Monte Alegre, Pará is a municipality in the state of Pará in the Northern region of Brazil. It is located along the Amazon River in northern Brazil.

Near this area along the Amazon River is the Caverna da Pedra Pintada, an ancient archeological site with numerous rock paintings and pictographs.

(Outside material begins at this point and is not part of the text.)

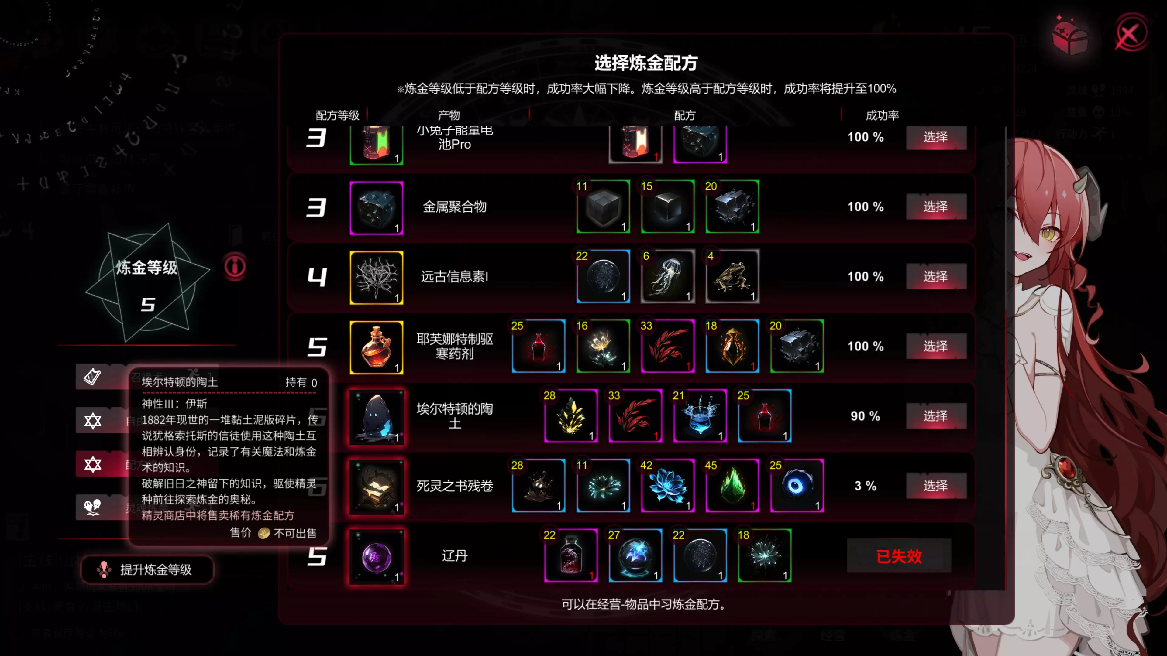 已施工内容包括:1.基础数值及其设定、2.山林探索奖励、3.矿洞挖掘奖励、4.菜谱研发配方、5.懒人餐厅经营、6.特殊庭院任务、7.客人图鉴、8.超凡物品图鉴、9.至高神谕图鉴、10.成就存档(评论区) 指南区其他几位大佬制作的攻略已经相当详尽了,重复内容我这里便不再施工,主要内容偏向为一周目开荒玩家提供部分机制设定的讲解(摆烂方法),不含剧透内容,希望各位在开荒过程中可以少走弯路,愉快游玩。 基础数值 金币 两大货币其中之一,用于各种用途 主要获取途径: 旅馆每日结算房费 餐厅销售菜品 屠杀房客掉落(如提前手动收取房费则屠杀不获得金币) 在奸商处卖出炼金材料、精灵币等(售价受到神谕-奢耀之龙影响,最高提升30%) 神谕-达贡的金沙(一次性收入) 神谕-达贡的眼泪(每日获取定额金币) 灵魂 两大货币其中之一,主要用于超凡物品的拍卖 主要获取途径: 灵魂炼金提炼灵魂碎片 获得超凡道具凯西露达之歌(可在第五次嘉年华中拍下)后卖5级菜品 屠杀房客直接获取灵魂 嘉年华拍卖自身超凡物品所得 san值 老生常谈的理智值,根据数值不同获得不同倍率的加成 0-25为癫狂,出现更多稀有客人,客人留下物品概率、收取房费/屠杀客人获得的金币极大幅度提升,打扫卫生获取整洁度降低50%,3级小叶子房间打扫卫生获取整洁度+105(-105) 26-50为错乱,出现更多稀有客人,客人留下物品概率、收取房费/屠杀客人获得的金币大幅度提升,打扫卫生获取整洁度降低30%,3级小叶子房间打扫卫生获取整洁度+147(-63) 51-75为异常,出现稀有客人,客人留下物品概率、收取房费/屠杀客人获得的金币提升,打扫卫生获取整洁度降低10%,3级小叶子房间打扫卫生获取整洁度+189(-21) 75-100为稳定,不出现稀有客人,打扫卫生获取整洁度100%由于低san值提供的强力buff存在,个人理解是san药充足的情况下卡在错乱和癫狂状态吃高额加成 另外,初次san值归零后会强制进入特定剧情,类似首次保护机制,第二次san值归零时如未拥有至高神谕-彼岸回魂则直接进入结局-归于门。 整洁度 下限0上限1000,只作为每四周结算时的考核依据,归零后无影响 更新后整洁度考核标准改为600,因此仅需要在每四周最后一个周日结算时保持600以上即可提升旅馆等级,注意:评审旅馆等级前会先计算当天房客扣除的整洁度 控制整洁度的手段,仅供参考,不唯一 提前预留充足行动力进行打扫卫生 使用家政服务券回复 在每次评审前最后一个周六撤走餐厅所有食物并取消勾选自动补充(减少周日基础客人数) 恶值 下限0上限100,影响剧情中的某些抉择,以50%为分界,1-50%和51-100%分别进入不同结局线,可通过在商店购买的赎罪券回复,如需在一个档打通善恶两种结局则需要准备0-5张赎罪券,具体数量根据当前恶值决定 客人数 2-4层旅馆由升级前台解锁,5层旅馆由至高神谕-丰饶解锁,旅馆房间最高等级为5最高容量4 幻境泡由超凡道具-无限泡沫(无魂的泡泡获取配方)解锁,单个幻境泡最高等级为1最高容量为1 无论是普通房间亦或幻境泡都收到普通/特级/至高神谕-多产的叠加buff 行动力 初始1最高3,游戏中进行大部分操作都会消耗行动力,行动力归零则自动进入下个时间段, 至高神谕-古神的低语和外神的低语分别永久提升白天和夜晚1点行动力 能量饮料可主动回复1点行动力,能量饮料由特殊客人-体育生携带以及自由炼金小概率产出 女主好感度 影响剧情中的某些抉择,如好感度不足则不出现该女主选项,进入女主线需好感度达到7级(可不看7级的好感剧情) 每件好感类超凡道具可提升对应女主1级好感度等级上限 每个女主3/5/7/9级好感解锁对应的好感剧情,观看后掉落特定炼金配方 山林探索 东方平原 25%探索度:50辣椒、50青菜、蚂蚁上树菜谱 50%探索度:50辣椒、50青菜、速食冷盘菜谱 75%探索度:50青椒、50盐、远古信息素I(成品) 100%探索度:50青椒、50盐、远古信息素II(成品) 北方山脉 25%探索度:50鱼肉、50螺肉、章鱼丸子菜谱 50%探索度:50鱼肉、50螺肉、生腌菜谱 75%探索度:50螺肉、50蟹肉、远古信息素VII(成品) 100%探索度:50螺肉、50蟹肉、远古信息素VIII(成品) 西方林地 25%探索度:50奇怪肉、50笋、酸菜鱼菜谱 50%探索度:50奇怪肉、50笋、梅菜扣肉菜谱 75%探索度:50鸭肉、50豆腐、远古信息素III(成品) 100%探索度:50鸭肉、50豆腐、远古信息素IV(成品) 南方黑地 25%探索度:50米、50花椒、麻婆豆腐菜谱 50%探索度:50米、50花椒、宫保鸡丁菜谱 75%探索度:50虾肉、50糖、远古信息素V(成品) 100%探索度:50虾肉、50糖、远古信息素VI(成品) 矿洞挖掘 石头类建筑材料的主要来源、矿石类材料的来源之一 后期和木头相比石头大量溢出,挖矿石又不如炼金永动高效 最深为50层,达到最深处后可以在50层反复挖掘 每层的宝箱中能开出一定量的石头类建筑材料和矿石类材料 整数层包括最深层的宝箱中均无特殊奖励(挖不到黑星的别想了) 没有必要为了做支线挖穿50层 菜谱配方 是研发配方,金色菜谱只在试菜阶段需要消耗信息素 ———————————————————————————————————————————— 白色菜谱 1.白斩鸡 鸡肉 2.肠粉 米 3.火锅 奇怪肉 4.生鱼片 鱼肉 5.东坡肘子 猪肉 ———————————————————————————————————————————— 绿色菜谱 6.麻酱凤尾 青菜 7.钵钵鸡 辣椒、鸡肉 8.雪花鸡淖 鸡

Excavations at the cave have found evidence of ancient peoples.

== Nature ==
The north of the municipality contains a small part (3.44%) of the 4245819 ha Grão-Pará Ecological Station, the largest fully protected tropical forest conservation unit on the planet.
It also includes a small part (5.51%) of the 11518 km2 Maicuru Biological Reserve.
The municipality contains roughly half of the 216601 ha Mulata National Forest, a sustainable use conservation unit created in 2001.
It contains all of the fully protected 3678 ha Monte Alegre State Park, created in 2001.

==Transportation==
The city is served by Monte Alegre Airport.

== Climate ==
The climate is tropical savanna (Köppen: Aw) with dry season defined.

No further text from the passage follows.